◆ **What is being asked**:
Take the entries below and print, exactly, the stretch from the line containing "Images from a" through the line containing "stereotypes of BlackBerry", both included.

◆ **Source material**:

=== Begin Enclosure ===

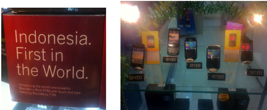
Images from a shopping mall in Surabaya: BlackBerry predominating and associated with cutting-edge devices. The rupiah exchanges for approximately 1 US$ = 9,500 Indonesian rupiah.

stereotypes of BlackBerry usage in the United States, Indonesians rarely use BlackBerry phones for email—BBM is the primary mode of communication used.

=== End Enclosure ===
=== Begin Enclosure ===

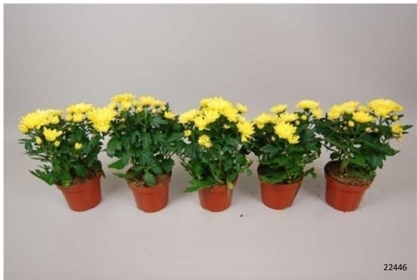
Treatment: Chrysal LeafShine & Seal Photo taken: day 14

=== End Enclosure ===

◆ **The answer**:
Images from a shopping mall in Surabaya: BlackBerry predominating and associated with cutting-edge devices. The rupiah exchanges for approximately 1 US$ = 9,500 Indonesian rupiah.

stereotypes of BlackBerry usage in the United States, Indonesians rarely use BlackBerry phones for email—BBM is the primary mode of communication used.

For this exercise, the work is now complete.